This is the third and final installment in a three-part series on ethical porn consumption in the aftermath of last month’s Pornhub controversy. Previously, industry professionals shared their insight on the best ways to pay for porn, and how to tell if the porn you’re watching was ethically produced. In this final segment, performers from various industry backgrounds address the biggest misconceptions surrounding society’s understanding of ethical porn, including who should be having those conversations in the first place and whether or not so-called “ethics” is something people outside of the industry have a right to police.
InsideHook: What do you see as the most common, or biggest, misunderstandings about what it means to be an ethical porn consumer? What do you want to make sure viewers understand?
Kate Kennedy: I don’t think most people think much about ethical porn consumption to begin with. Even the staunchest social justice warriors I know look at Pornhub for free. It just doesn’t cross their minds to think about the implications of what porn they’re getting and how.
[People also get hung up on the idea that porn is only ethical if performers feel great about every piece of content they’ve made.] Every performer in every realm of entertainment has at least one performance they didn’t feel great about. Porn performers sometimes take scenes they might not otherwise be super horny for personally because, at the end of the day, this is a job. Everybody goes to work on days when they’d rather do something else. Within the context of capitalism, equating ethics with willingness to perform a given task for an agreed upon rate is nonsense. If you want to see me, as a person, getting off exactly how I please, then enjoy some footage of me emotionlessly masturbating with my Hitachi with the occasional groan.
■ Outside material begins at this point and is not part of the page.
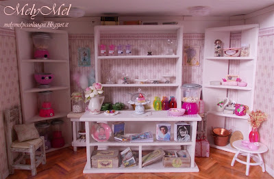 Mely que tienda tan dulce! Ay! me gusta todo, se nota el mimo con que has hecho cada detalle... me encantan las maquinas para los chichles y esas jarras floreadas son delicadas y preciosas. Mariajo

Jiz Lee: Porn is a job. How we work is part of the deals that we’ve agreed to. We’re adults who are capable of making informed choices. The less our industry is stigmatized, [and] the less sex work in general is criminalized or regulated, the more options and better choices for work we’ll have.
Jessica Starling: People often don’t understand how to consume porn ethically because they have a polarized understanding of sex work and consent. They either think that sex workers are always consenting to everything all the time, or that they can never meaningfully consent to anything, so either nothing is unethical or everything is. Neither view is accurate.
Allie Oops: If we want to consume ethical porn, then we as a society have to start talking about porn and what we want out of it more and more openly. And we have to stop putting qualifiers like ethical on porn in the first place. If something involves two people who were not consenting adults when they made it, then that’s not porn at all — that’s abuse material.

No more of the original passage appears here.